What am I doing? The thought seized my brain every few minutes, and I’d try to smother the panic with some relaxation exercises Dr. Wright had suggested at my follow-up appointment: deep breaths, calm thoughts, deep breaths, calm thoughts, deep breaths, calm thoughts. Dr. Wright really was full of crap.
At fifteen minutes to go, I started pacing faster, this time in a wide loop around the dressing room: between the coffee table and the sofa, over the ottoman, around the piano, down the mirrored wall, repeat. My legs shook under me, but the repetition was oddly numbing. An image of the polar bears in the Lincoln Park Zoo came to my mind, lumbering pitifully around their cages in the same circuit over and over. Maybe they had anxiety issues too.

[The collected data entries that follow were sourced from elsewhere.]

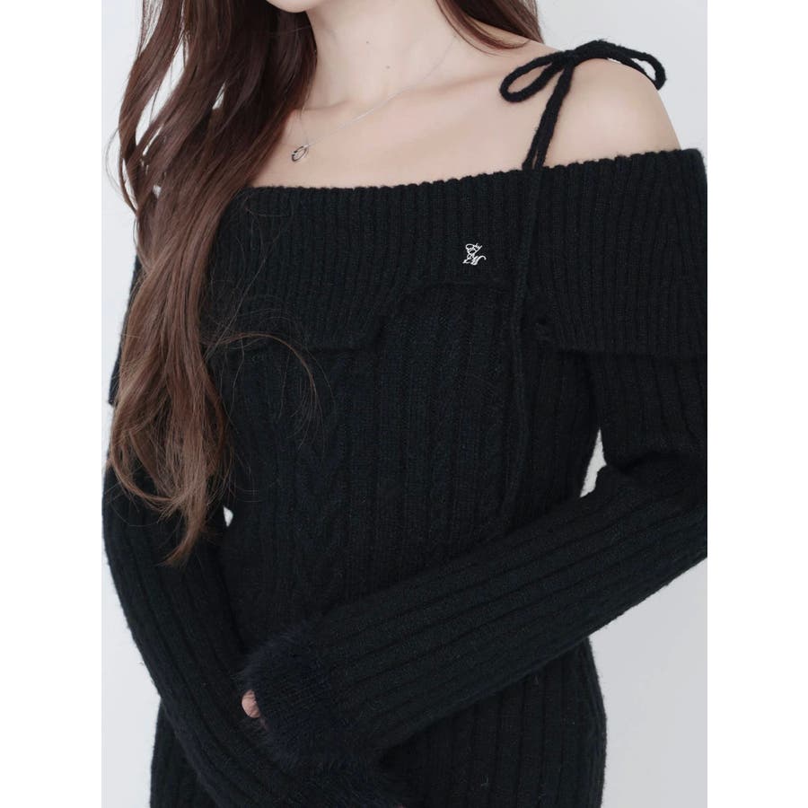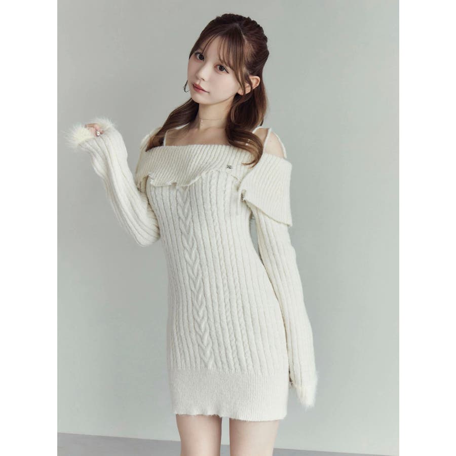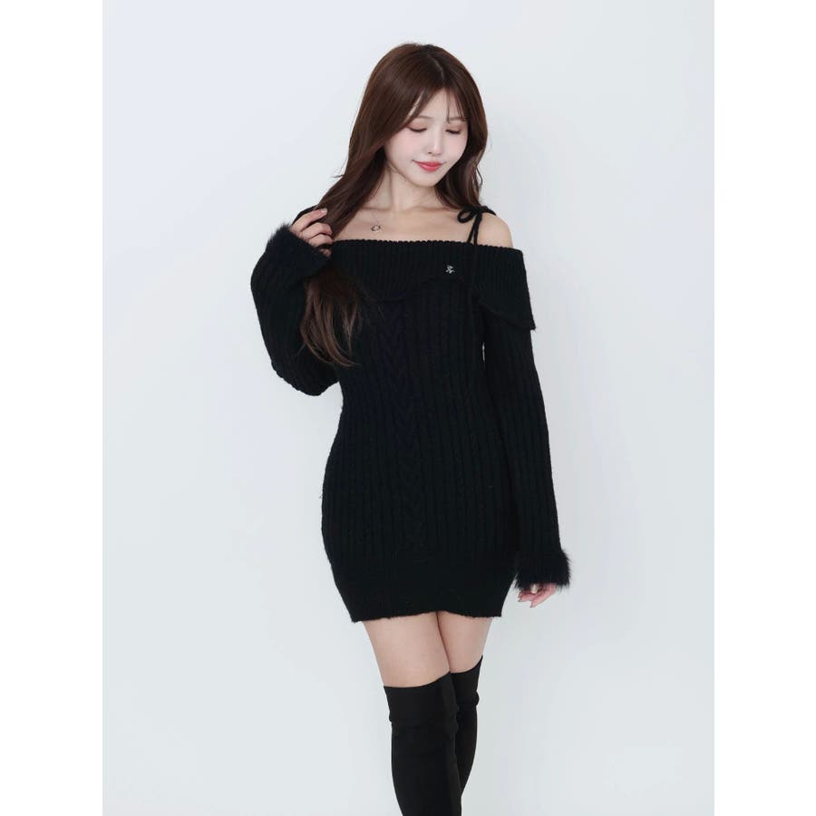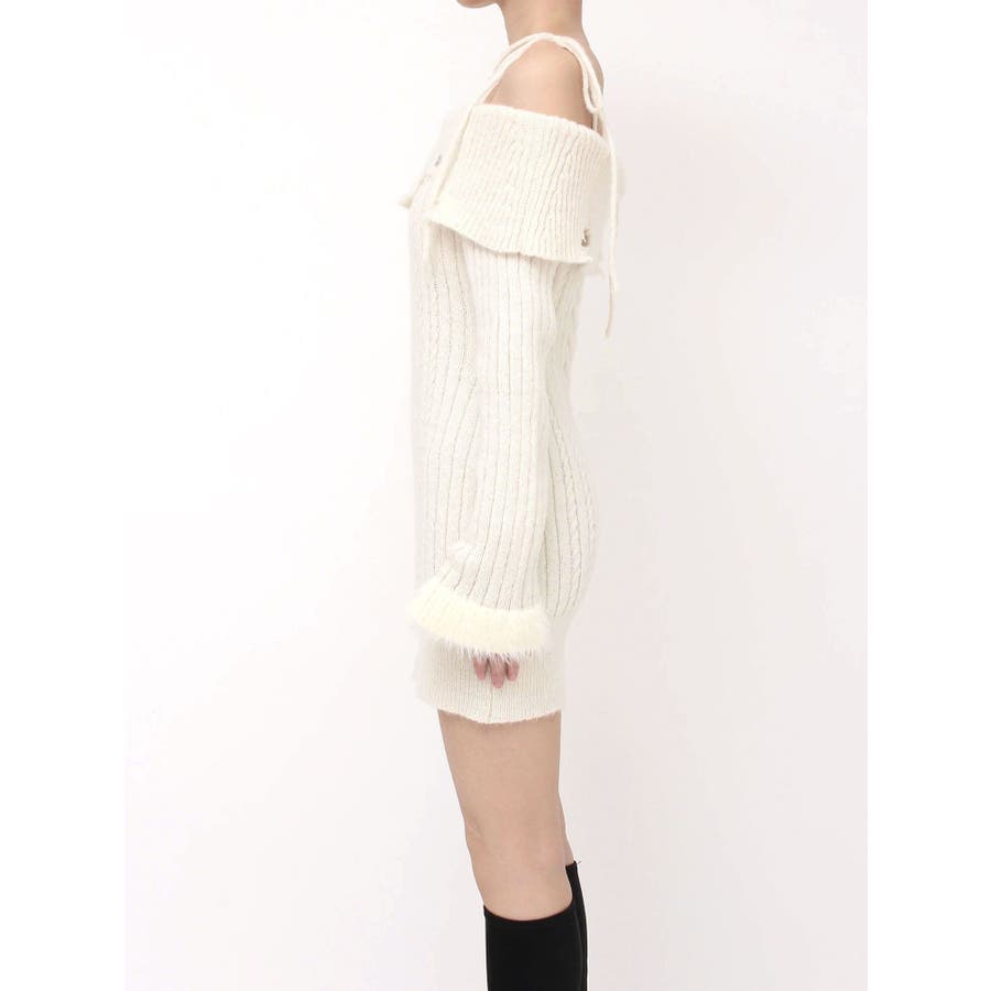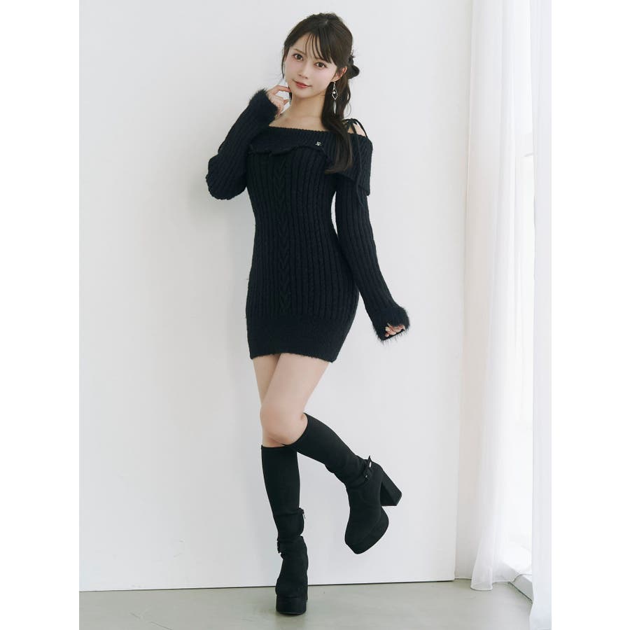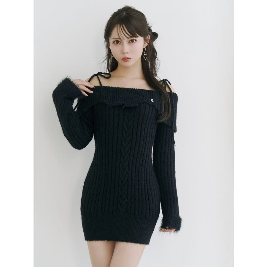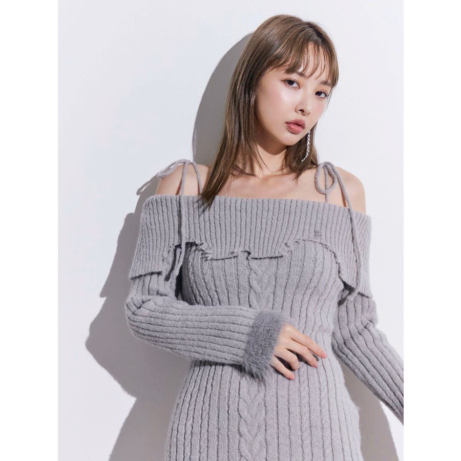 ヘムシャギーオフショルニットワンピース
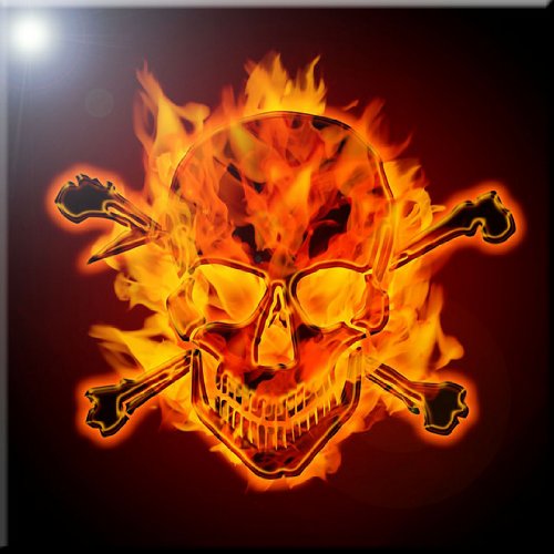 Rikki Knight RK-12intilec-1764 12" X 12" Burning Metallic Skull & Crossbones Design Ceramic Art Tile
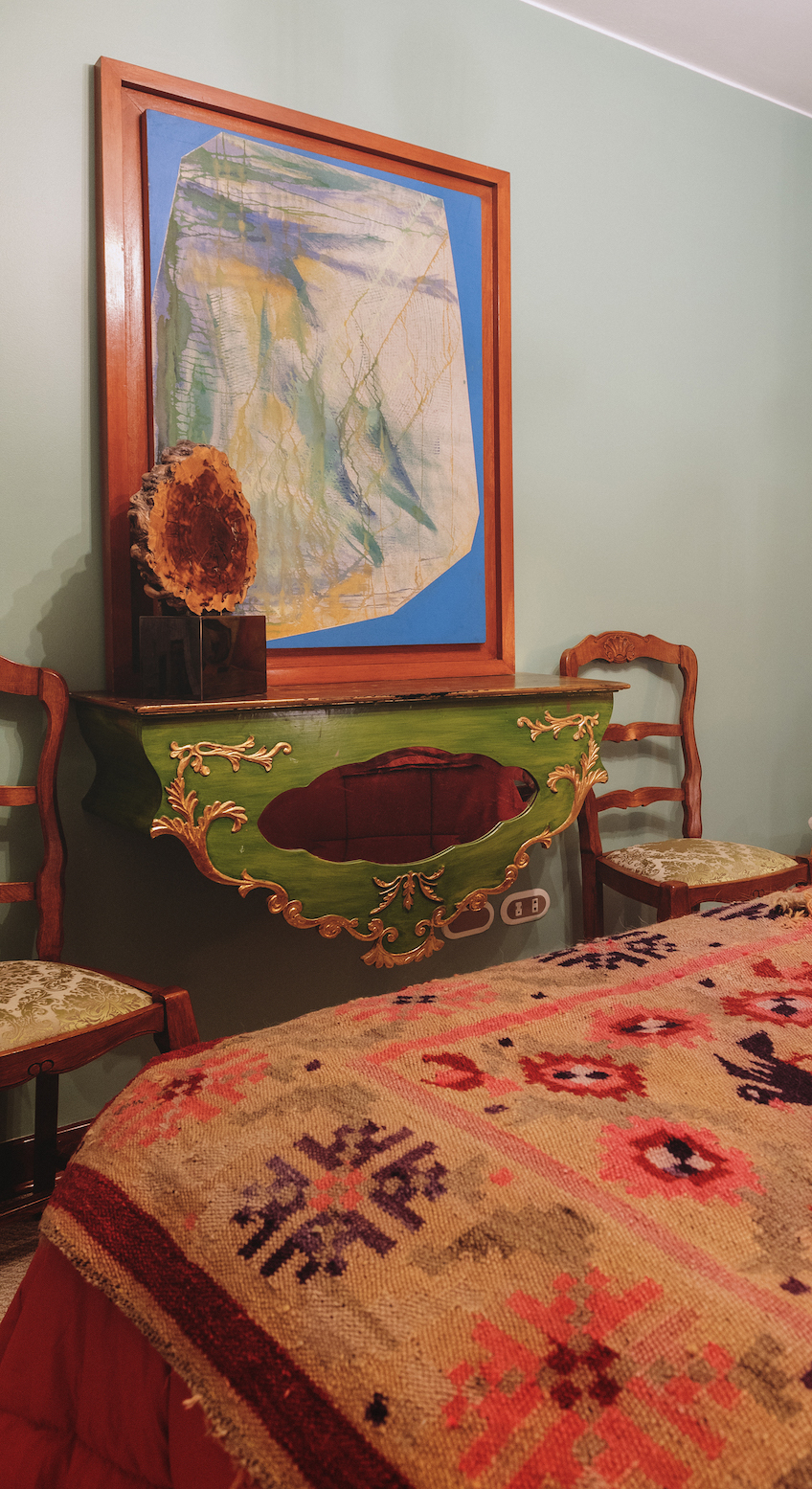 Su estilo personal es ecléctico: podría decirse que le gusta todo en la medida en que sea correcto, que esté justificado y que se sostenga más allá de una moda o una tendencia. Como diseñador escucha mucho al cliente, pero tiene una regla de oro: cuando las cosas dejan de ser funcionales y se vuelven puramente decorativas, pierden su propósito. “No hay que ser ecléctico porque sí, sino porque a uno le nace y le aporta cada objeto, sino es un rejunte de cosas sin sentido”, aconseja Ignacio. Y es que el eclecticismo (la reunión de varias ideas y tendencias) debería ser la suma de todos tus intereses: puede verse como el reflejo de una riqueza interior, de la curiosidad. A Ignacio y Alejandro les interesan muchas cosas: la música, el arte, el cine. Ignacio dibuja desde chico y en su sala se luce el primer óleo que ha pintado en el Perú.
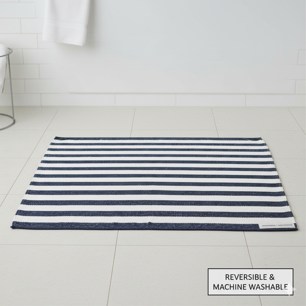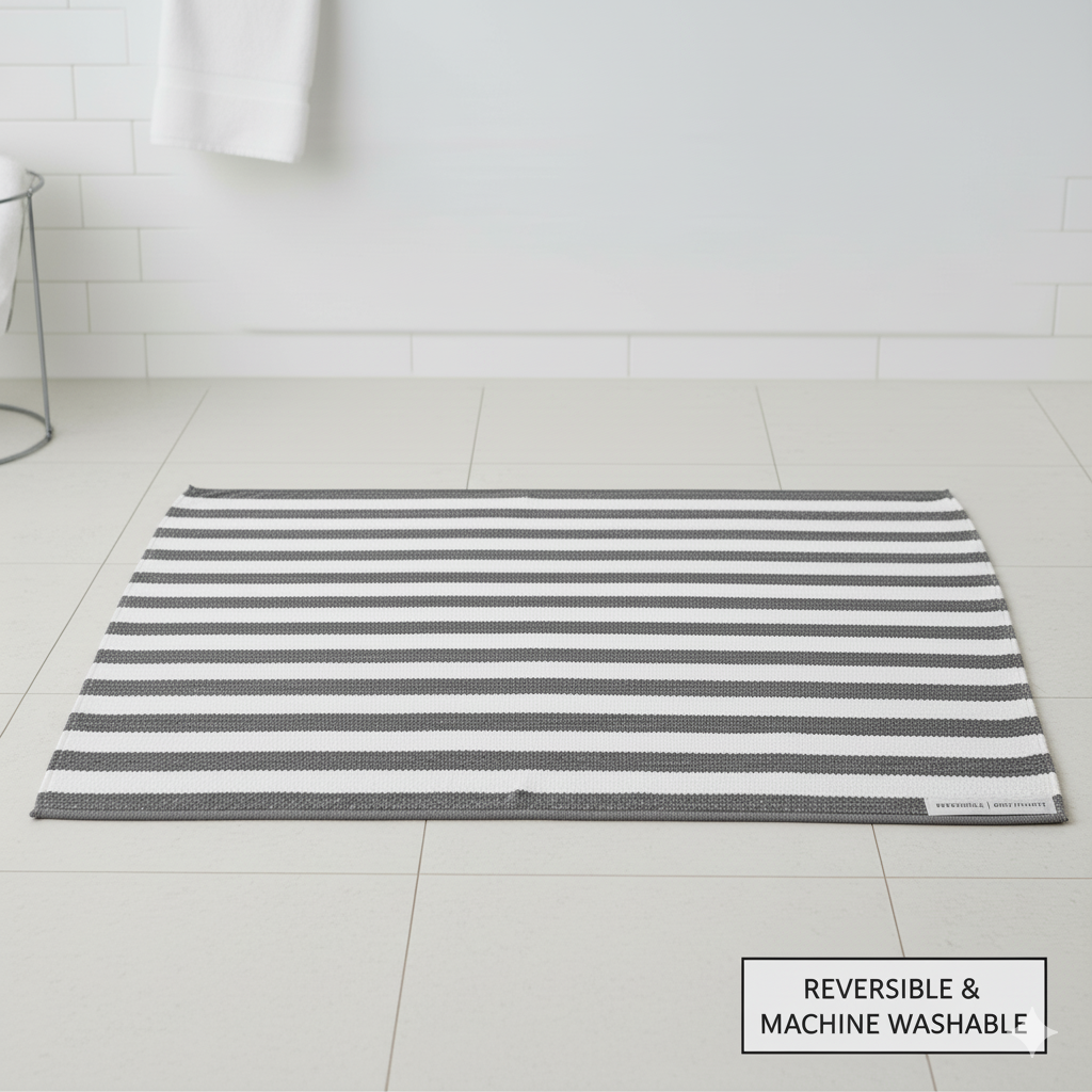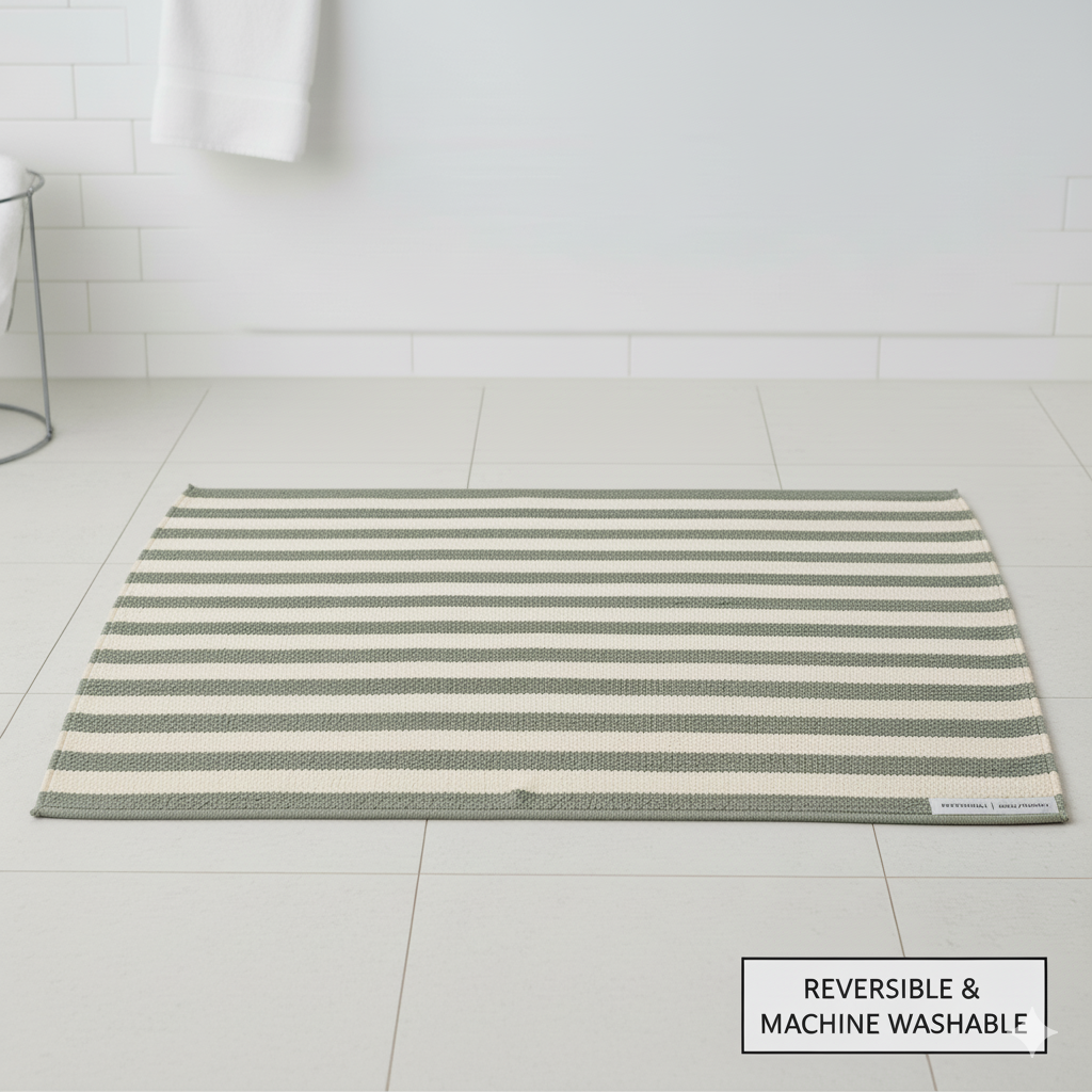 100% cotton 300 GSM with reversible design, different colors on each side. Machine washable, durable construction. Material: 100% cotton. Colour combinations: Navy/White, Grey/Charcoal, Sage/Cream, Coral/Peach. Sizes: 20×34 inch. Care: Machine wash cold. Tumble dry low. Reverse sides for even wear. Properties: Reversible extends life, absorbent, soft, machine washable. Perfect for kids’ bathrooms, guest baths, frequent washing. Manufactured in India.
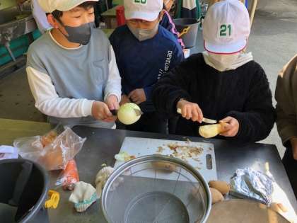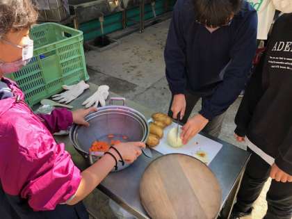 宿の方から各リーダーに、調理手順の確認がありました。その後、いよいよ調理開始です。
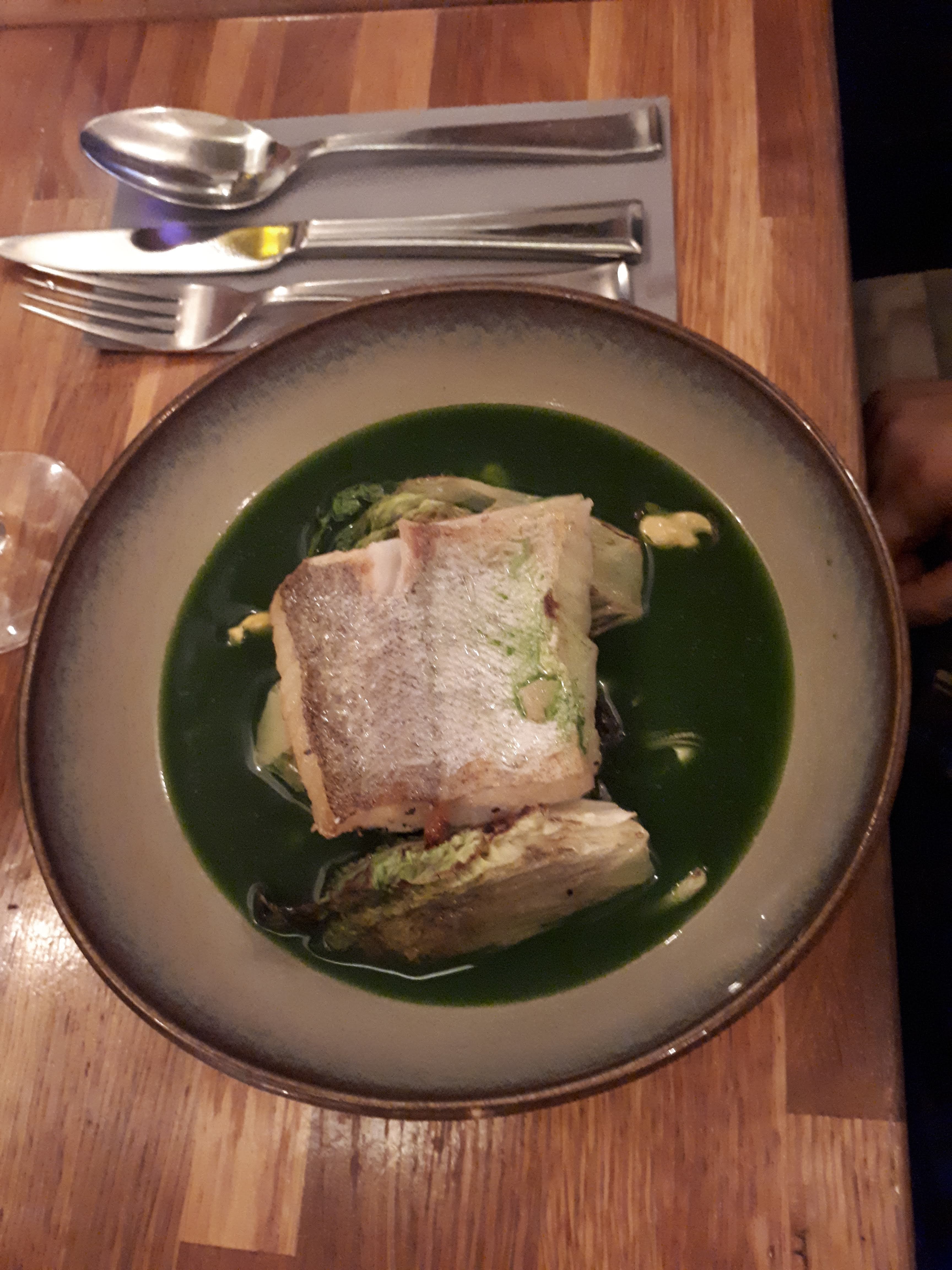 Très surfait et trop cher. Mon fils était gravement malade le lendemain, probablement après le steak. Très petites portions. Le poisson était servi avec des herbes amères et n'était pas agréable. La soupe aux poireaux était boueuse. Le restaurant manquait d'ambiance, le rythme du service était étrange et nous étions placés à l'étage avec très peu de monde.
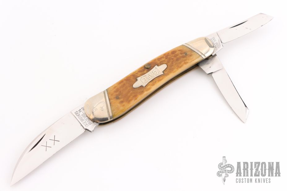 This knife by Case features mirror finished blades with nail nicks. The handle has nickel silver bolsters, jigged bone covers, brass liners and steel springs. Marked #022 on the bolster. Has some light scratches and patina. Excellent condition otherwise.
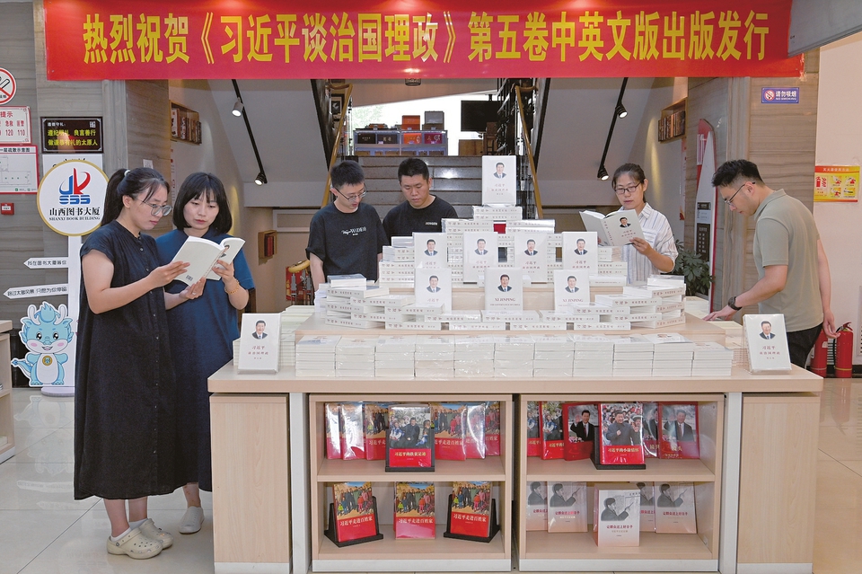 七月三十一日,山西圖書大廈內(nèi),讀者正在閱讀《習(xí)近平談治國理政》第五卷。申晉光攝
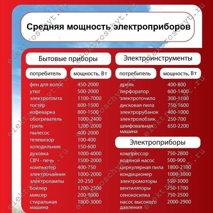 Ниже приведены средние значения мощностей, наиболее распространенных бытовых электроприемников:

Where was she? Diana was never late, so being late to a performance was completely unthinkable. My stomach still hurt from the puking. Would she be able to tell? I looked in the mirror. Scary. My skin was an eerie greenish-white, my stage makeup even more garish than usual. Glossy red lipstick, green eye shadow over bloodshot eyes—I looked like a circus clown with the stomach flu. I’d taken off my shirt before hair and makeup, and was wearing just jeans and a bra, adding another layer of weird to the image in the mirror. How could Jeremy kiss that face?
I opened the closet and took out the dress bag holding my backup, a navy blue organza dress with a sweetheart neckline. I was deciding whether I should put it on or go back to the bathroom to throw up again, when the door swung open.